If we were to use the cross validation PR-AUC score for both model choice and evaluation then we would overestimate the PR-AUC by almost 8x over the average PR-AUC and over 17x the PR-AUC of a random classifier. The latter is more applicable here because of the long tail in our distribution, showing how easy it was for the classifier to overfit, even within the structure of cross-validation.

Of course, this is an extreme example specifically designed to show the dangers of double dipping with cross validation.
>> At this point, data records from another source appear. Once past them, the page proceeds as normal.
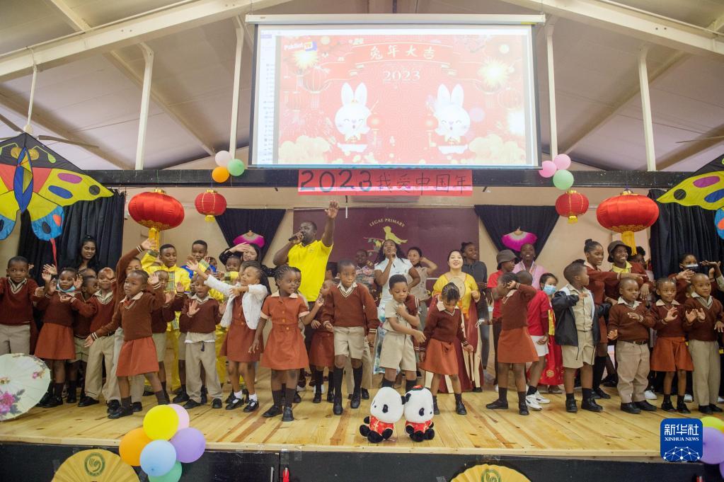 2月3日,在博茨瓦纳首都哈博罗内,博茨瓦纳大学孔子学院在教学点丽海国际小学举办“我爱中国年”迎新春活动。这是老师和学生一起表演节目。
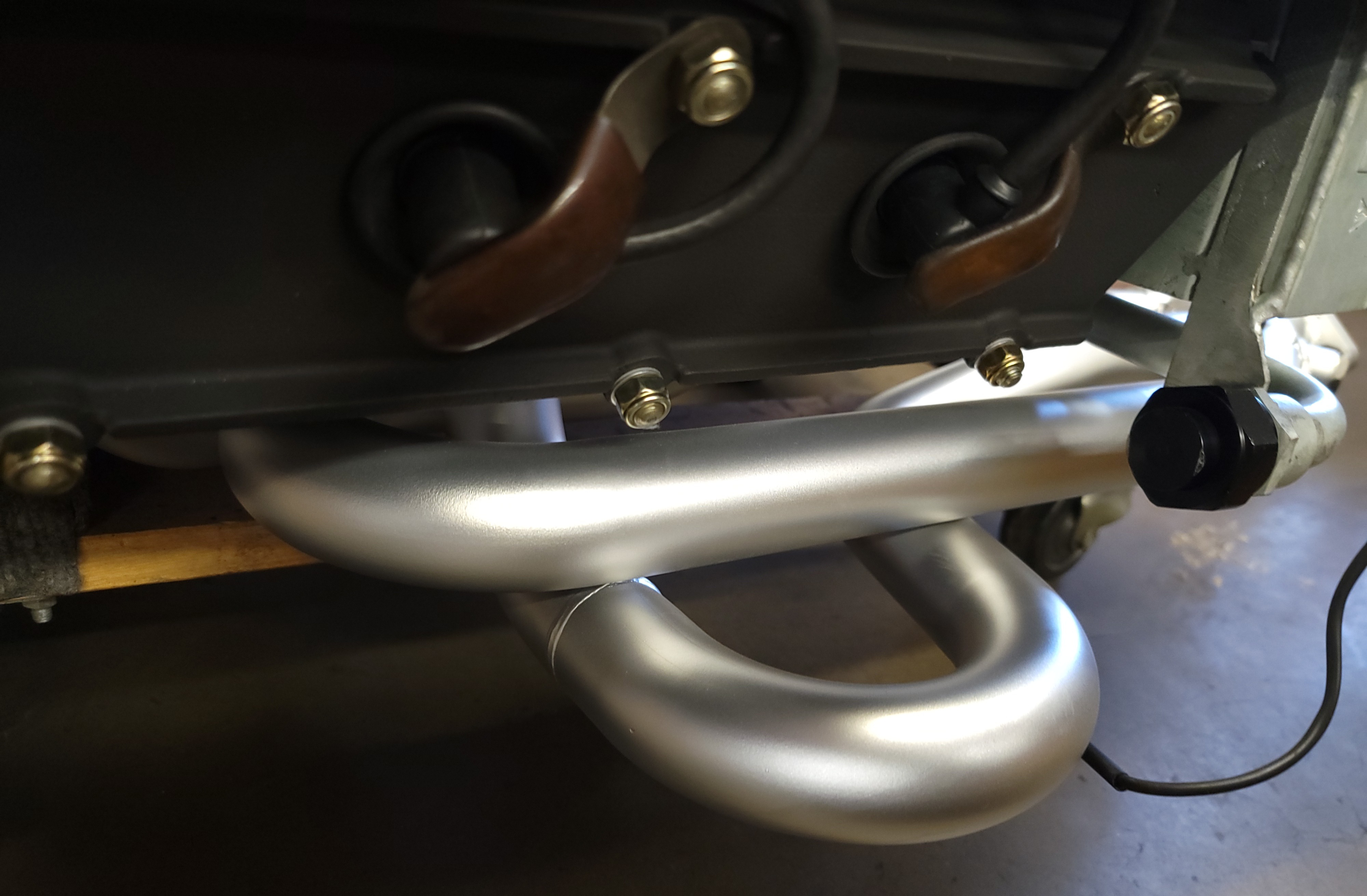 Can you put heater boxes on them? I need a set of short heat exchangers like these headers so I can put mufflers on my car and get rid of the supertrapps. Clay Clay, just find a local sheet metal shop to form the 18 or 20 gauge "Clam-shells" on the break, and that's 75% of fabbing' the custom HB's. You can easily make the cardboard samples for the shop. There's a good section towards the rear of these headers that are on a flat plane. There's a set here in large tube 1.75" od (4.0L) with Clay & Betty's name on them; RuF recently took 2 sets for their vintage GT builds (IMG:style_emoticons/default/number40_914.jpg) Not a problem @mb911 on the lambda probes, as we only insert them on test + tune days, then replace with the threaded port-plugs. Clearance is the issue, so hence the placement of the ports. |
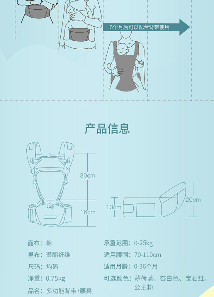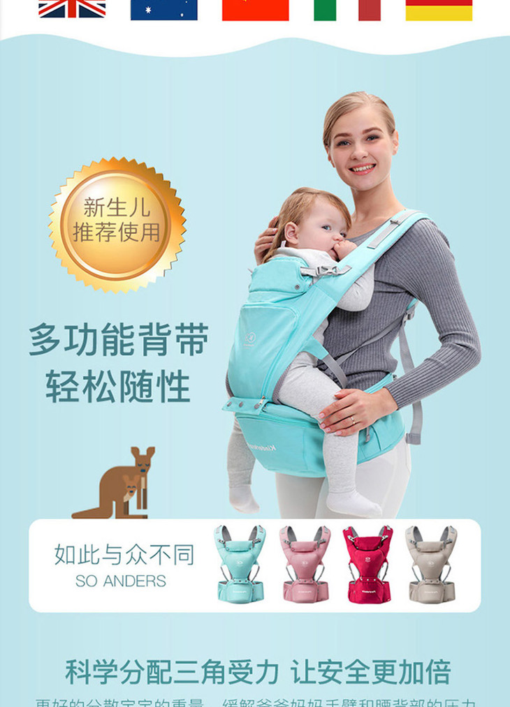 (K-4)婴儿背带多功能四季通用轻便坐凳腰凳抱娃宝宝前抱式初新生儿

But we have to understand that typically the more hyperparameter tuning that is done with cross validation, the less we can trust the performance estimates that we obtain from cross validation. Which is why I always recommend a test set that has not been touched or peeked at in way to ensure that our performance estimates are unbiased and trustworthy.